**PROVIDED DATA**
______

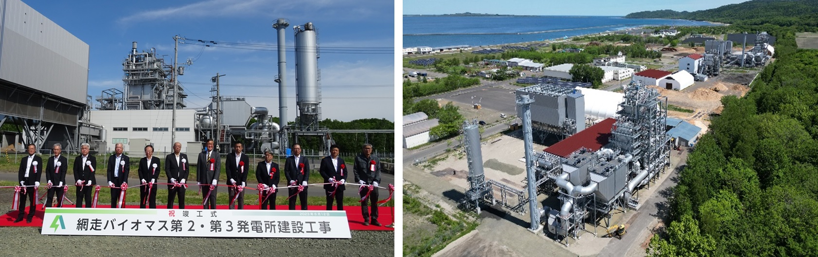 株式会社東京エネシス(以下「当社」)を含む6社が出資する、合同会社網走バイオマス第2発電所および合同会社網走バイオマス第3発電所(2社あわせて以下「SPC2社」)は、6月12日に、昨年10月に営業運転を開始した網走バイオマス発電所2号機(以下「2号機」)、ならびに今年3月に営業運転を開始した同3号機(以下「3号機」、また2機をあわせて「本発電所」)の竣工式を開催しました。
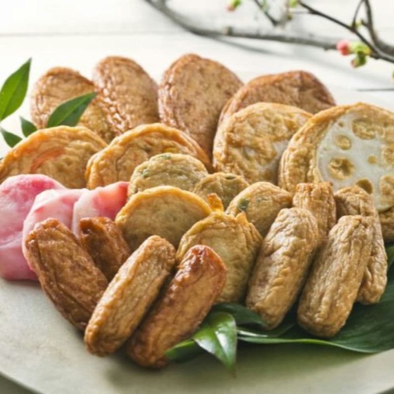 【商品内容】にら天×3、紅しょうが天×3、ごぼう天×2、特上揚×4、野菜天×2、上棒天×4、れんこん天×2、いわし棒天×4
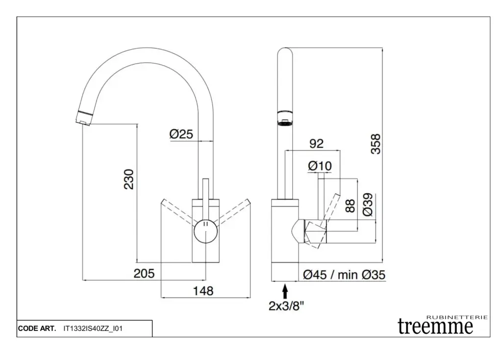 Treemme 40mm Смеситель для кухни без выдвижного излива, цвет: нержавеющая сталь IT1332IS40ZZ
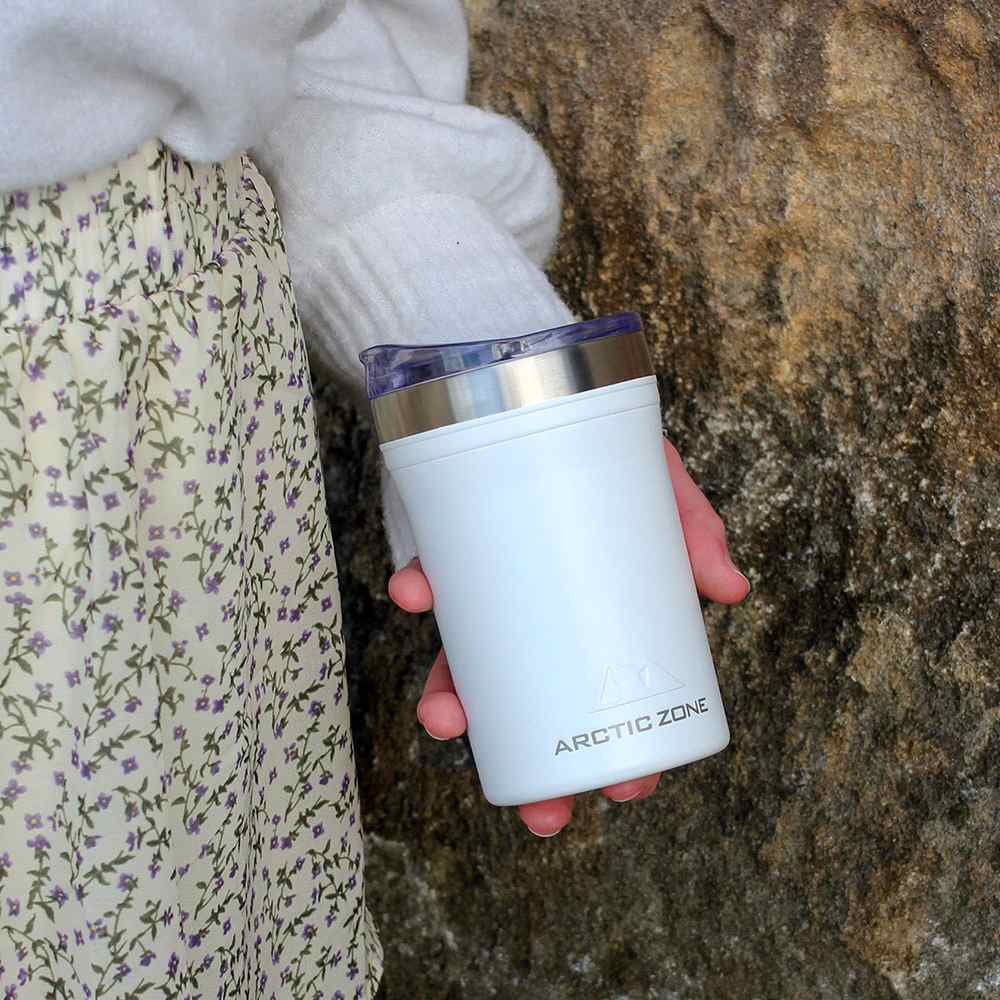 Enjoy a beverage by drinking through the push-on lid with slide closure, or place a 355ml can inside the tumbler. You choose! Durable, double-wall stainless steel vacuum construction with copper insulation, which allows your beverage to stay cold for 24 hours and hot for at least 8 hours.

______

**ABOUT THIS TASK**
Would you write out the material above in full, exactly as given, except for its pictures?

**WRITTEN REPLY**
 株式会社東京エネシス(以下「当社」)を含む6社が出資する、合同会社網走バイオマス第2発電所および合同会社網走バイオマス第3発電所(2社あわせて以下「SPC2社」)は、6月12日に、昨年10月に営業運転を開始した網走バイオマス発電所2号機(以下「2号機」)、ならびに今年3月に営業運転を開始した同3号機(以下「3号機」、また2機をあわせて「本発電所」)の竣工式を開催しました。
 【商品内容】にら天×3、紅しょうが天×3、ごぼう天×2、特上揚×4、野菜天×2、上棒天×4、れんこん天×2、いわし棒天×4
 Treemme 40mm Смеситель для кухни без выдвижного излива, цвет: нержавеющая сталь IT1332IS40ZZ
 Enjoy a beverage by drinking through the push-on lid with slide closure, or place a 355ml can inside the tumbler. You choose! Durable, double-wall stainless steel vacuum construction with copper insulation, which allows your beverage to stay cold for 24 hours and hot for at least 8 hours.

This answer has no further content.